Leiden Law Blog

Russia enters WTO

Russia enters WTO

Russia’s transition from a planned economy to a market economy has been (and is) a complex process in which the entire economic governance structure, and a lot of the physical economic structure had to be built from nothing. This includes the integration into the world trading system. Even if Russia’s share in merchandise trade is modest (2.6 % of exports, 1.6 % of imports), its membership of the WTO has been deemed important by both Russia and the other member of the WTO. As a large country Russia should take part in moulding the world trade regime, and trade between Russia and the rest of the world could increase to the mutual benefit of all participants. That, however, is questionable. Russia’s trade barriers never were excessive, even if customs procedures were somewhat erratic. Furthermore, Russia was granted most favoured nation status by most WTO member states long before its official entrance in the WTO, allowing its exports access to the world market on the same conditions as exports from other countries. WTO membership will not change much in the trade patterns. This will also limit the indirect effect that has been put forward, i.e. that increased trade forces Russian companies to become more efficient and to produce better products, benefiting consumers.

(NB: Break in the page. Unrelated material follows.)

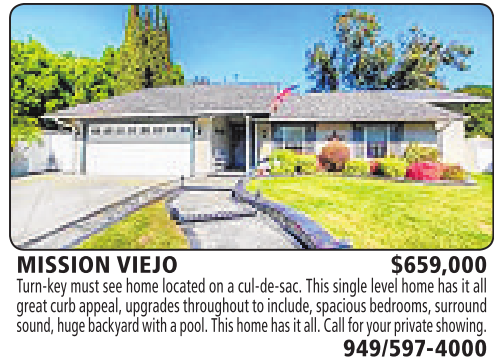 MISSION VIEJO $659,000 Turn-key must seehome locatedonacul-de-sac. This single levelhome hasitall great curb appeal,upgrades throughouttoinclude,spacious bedrooms, surround sound, huge backyard with apool. This home has it all. Call foryour private showing. 949/597-4000

In a 2002 study, Russia’s National Investment Council calculated the benefit of Russia’s membership to be 0.5 per cent of national income, subject to an entry under favourable conditions. A more optimistic figure of 3.4 per cent is derived in a number of World Bank Studies, but these are the result mainly of the eliminating of investment barriers (in services), inducing more investments, rather than an elimination of trade barriers. Foreign investments in Russia are problematic. In all years of transition there has been a net capital export. World Bank surveys indicate that entrepreneurs face bureaucratic and corruption problems. And there continue to be doubts about the protection of property rights. Even if WTO membership increasingly comes with obligations regarding the investment regime, the Russian investment climate primarily is a domestic issue, rather than one for the WTO.

Finally, the role of the WTO in the world trade regime is changing. The EU and the USA increasingly find WTO rules too intrusive into their trade regimes and circumvent the WTO by concluding bilateral free trade agreements with other countries. This reduces the role of the WTO in the world trade regime directly, but also indirectly as the EU/US threat of leaving the WTO behind limits the agenda of the WTO. Russia may have become a member of an international organisation that sees its influence declining, thus limiting Russia’s possible influence on creating a world trade regime. 

1 Comment

Posted on September 8, 2012 at 07:09 by Kidd

I agree 100%. Corruption is the core problem. One of two core pmleobrs - the other is the slow pace of evolution of the democratic institutions. Both pmleobrs are institutional (as in lack of concerted drive for reforms from above) and generational (as in engrained cultures of corruption and state-centrism among many citizens, especially of age 45+). These are lasting legacies of Communism. Soviet Union, in the 1970s and 80s was so deeply corrupt, even buying daily food was a matter of who you know and how much you can pay in hidden bribes or favors. In some sense, Russia today is less corrupt than in the USSR days, it is only that today’s corruption is more visible and more monetized, as opposed to Soviet corruption was more barter-like.So you are correct - the main and most immediate obstacle to Russian modernisation and growth, as well as social recovery, is corruption. But the longer-term and correlated barrier is the need to develop real (not just populist) democratic institutions. Interestingly, at the very least, Medvedev put both of these into his agenda. The lack of success on both is disheartening, but at least there’s a start.